Therefore, more expensive inorganic sources of P have to be included to meet the desired diet specifications for available P. Phytase is used in swine rations as an exogenous enzyme to release the P of phytate origin. Consequently, the use of phytase improves the digestibility of P and reduces fecal P excretion (Johnston et al., 2004; Veum et al., 2006; Jang et al., 2017), which has positive production and environmental implications.

However, it is unclear if phytase works equally well under all dietary circumstances. Inclusion of ingredients with high insoluble fiber (HF) content is a common strategy to lower the cost of swine diets and has at least two potential mechanisms for interacting with phytase. First, insoluble fiber can reduce the time for enzyme-substrate interaction by increasing gastrointestinal rate of passage and stomach emptying (Wenk, 2001). Therefore, there are fewer chances for the released inorganic P to be absorbed by the small intestine. Second, insoluble fiber can delay the enzyme-substrate interaction by physically isolating or trapping the substrate (Meng et al., 2005; Grundy et al., 2015), decreasing the efficacy of phytate degradation.
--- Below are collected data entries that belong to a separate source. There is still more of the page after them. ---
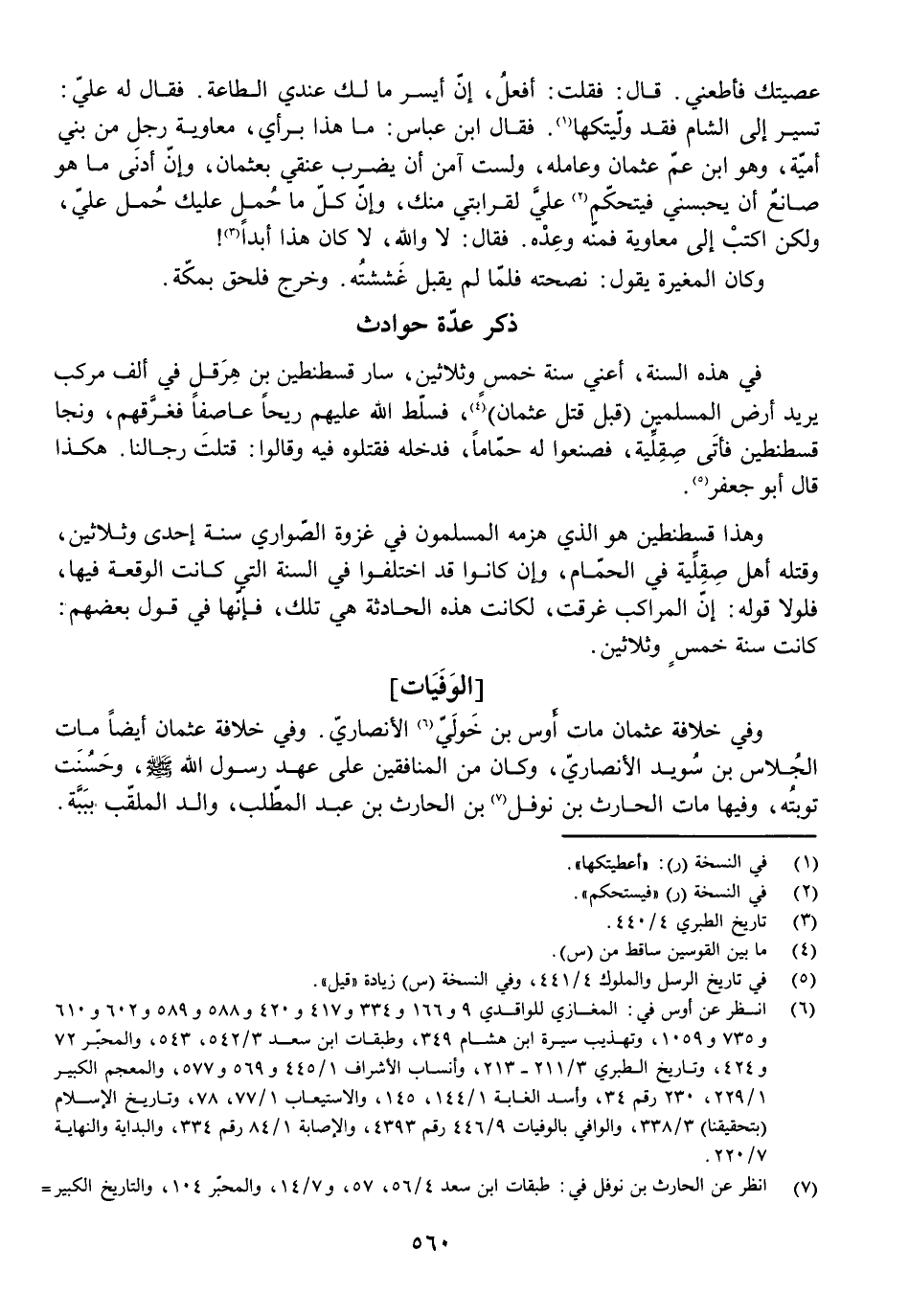 وَفِي خِلَافَةِ عُثْمَانَ مَاتَ أَوْسُ بْنُ خَوْلِيٍّ الْأَنْصَارِيُّ. وَفِي خِلَافَةِ عُثْمَانَ أَيْضًا مَاتَ الْجُلَاسُ بْنُ سُوَيْدٍ الْأَنْصَارِيُّ، وَكَانَ مِنَ الْمُنَافِقِينَ عَلَى عَهْدِ رَسُولِ اللَّهِ - صَلَّى اللَّهُ عَلَيْهِ وَسَلَّمَ - وَحَسُنَتْ تَوْبَتُهُ، وَفِيهَا مَاتَ الْحَرْثُ بْنُ نَوْفَلِ بْنِ الْحَرْثِ بْنِ عَبْدِ الْمُطَّلِبِ، وَالِدُ الْمُلَقَّبِ بِبَبَّةَ.
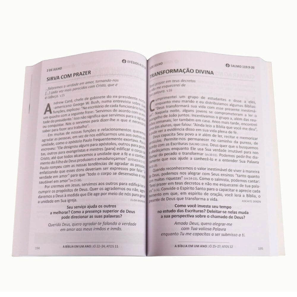 Mais do que um simples devocional, o Pão Diário é um guia prático para quem deseja crescer na fé, confiar plenamente no Senhor e viver os princípios da Palavra de Deus. Cada meditação combina ensino bíblico claro com aplicações para o cotidiano, transformando momentos de leitura em experiências de oração, louvor e aprendizado espiritual.
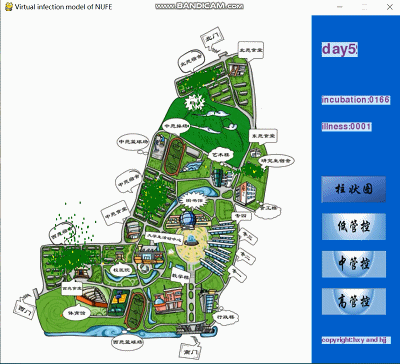该模型基于南财地图,以python为编程工具,同时使用pygame引擎,模拟在低、中、高三种管控下的校园疫情传染情况。模型中设置健康、潜伏期、患病三种人群,在寝室、教室和食堂三个区域移动的场景,采取没有措施的低管控、戴口罩等低级防护的中管控、增设隔离区等严密防护的高管控三种场景,实现在不同传染率下的模型。通过实现可视化的GUI、学生活动随机化的算法、使用字典的检测优化算法,以及人员分布数据的图表等,使大家更直观清晰的获得校园里同学们流动下的传染状况,同时提醒各位同学,在校期间,服从学校管理,务必在宿舍进行自我隔离,做好个人防护,尽量减少出行,避免校园里扩大感染范围。
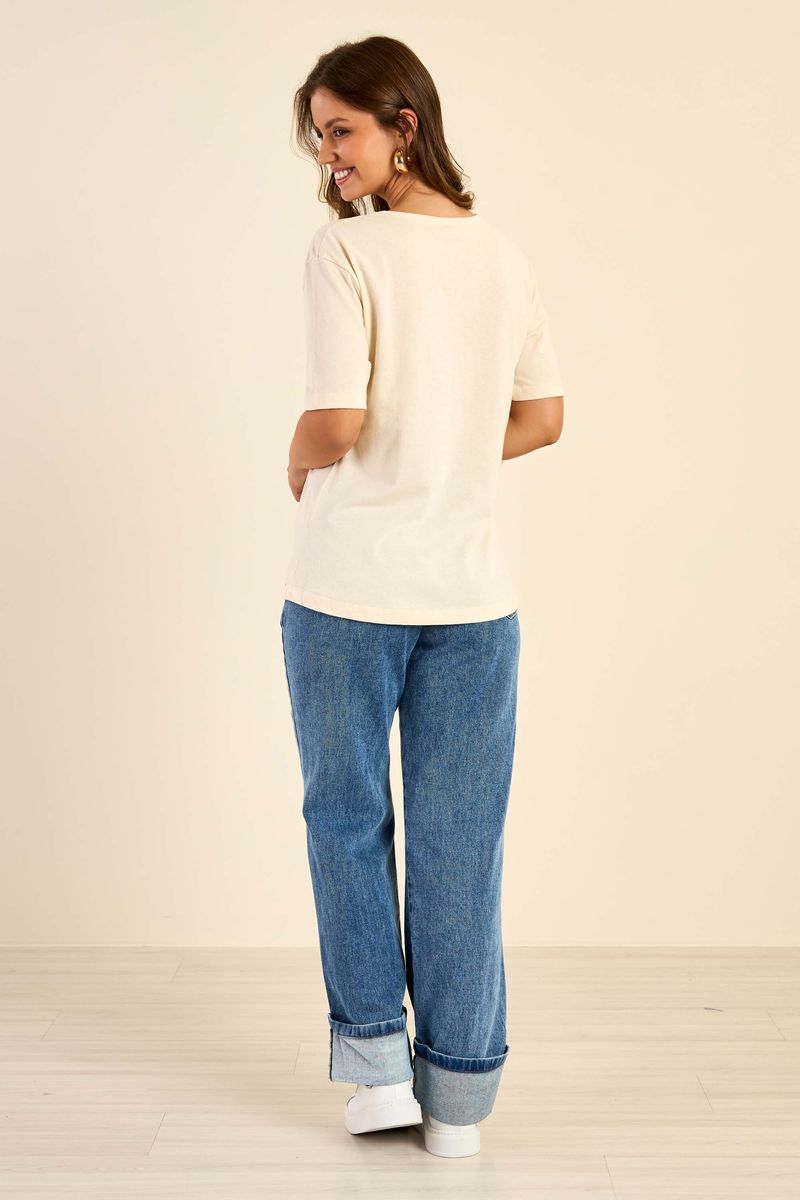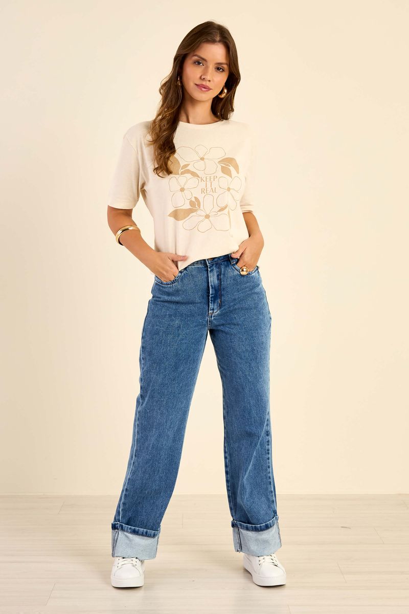 T-Shirt Feminina Flores Marialícia Bege REF: 184196-2037
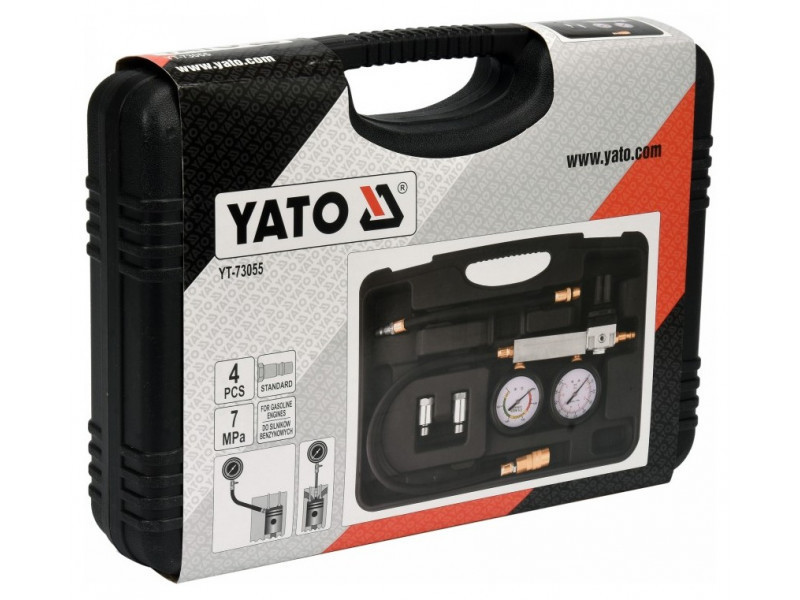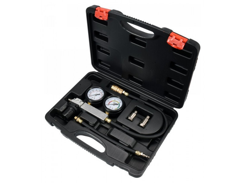 by supplying compressed air to the cylinder and determining the percentage of pressure drop caused by cylinder leaks. It detects, among other things. piston ring damage, damage to the intake or exhaust valve, damage to the head gasket.
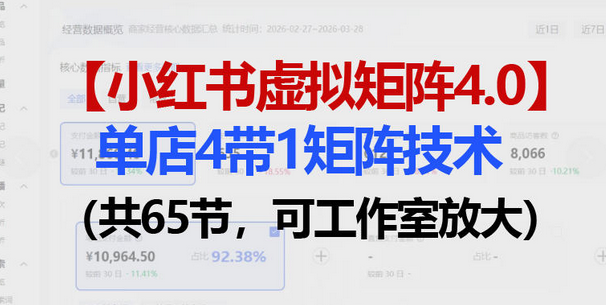 小红书虚拟矩阵4.0技术:单店4带1矩阵(共65节,可工作室放大)
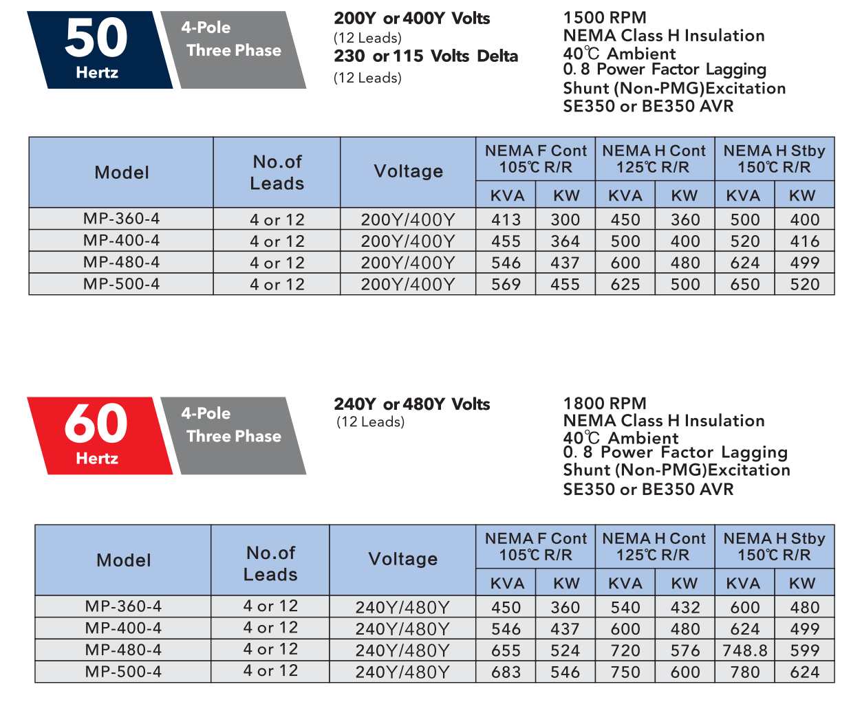 | MP500無刷同步交流發電機60HZ | |||
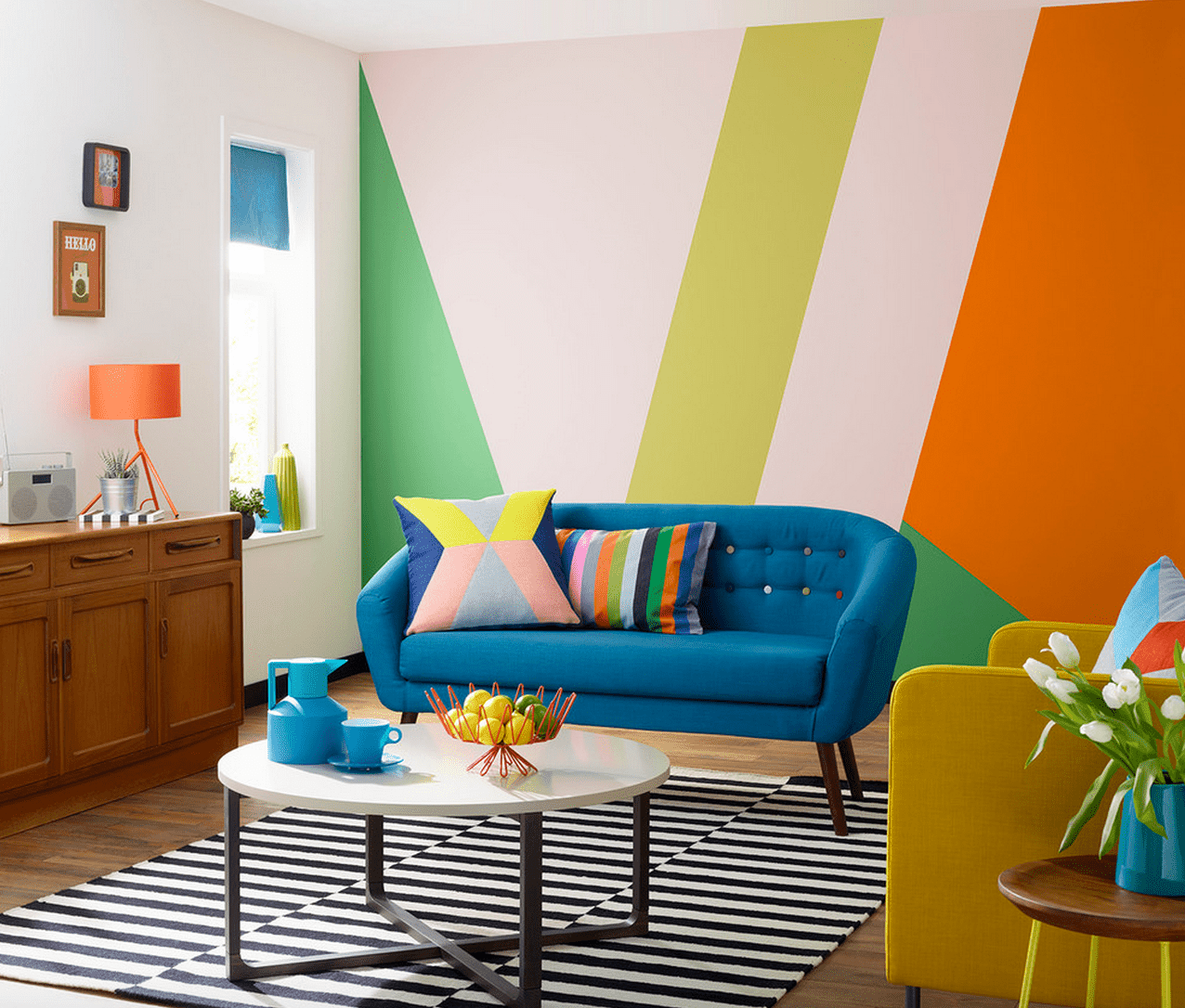 Геометрические полосы на стенах в интерьере

Although evaluating these mechanisms is important, as a first step, there is a need to determine if the phytase-fiber interaction affects production parameters as well as bone mineralization. Therefore, the objective of this study was to determine if insoluble fiber affects the efficacy of the phytase enzyme’s ability to improve growth performance and increase bone ash of nursery pigs when fed diets limiting in P content.

MATERIALS AND METHODS

All experimental procedures adhered to guidelines for the ethical and humane use of animals for research according to the Guide for the Care and Use of Laboratory Animals (FASS, 2010) and were approved by the Institutional Animal Care and Use Committee at Iowa State University (12-17-8657-S).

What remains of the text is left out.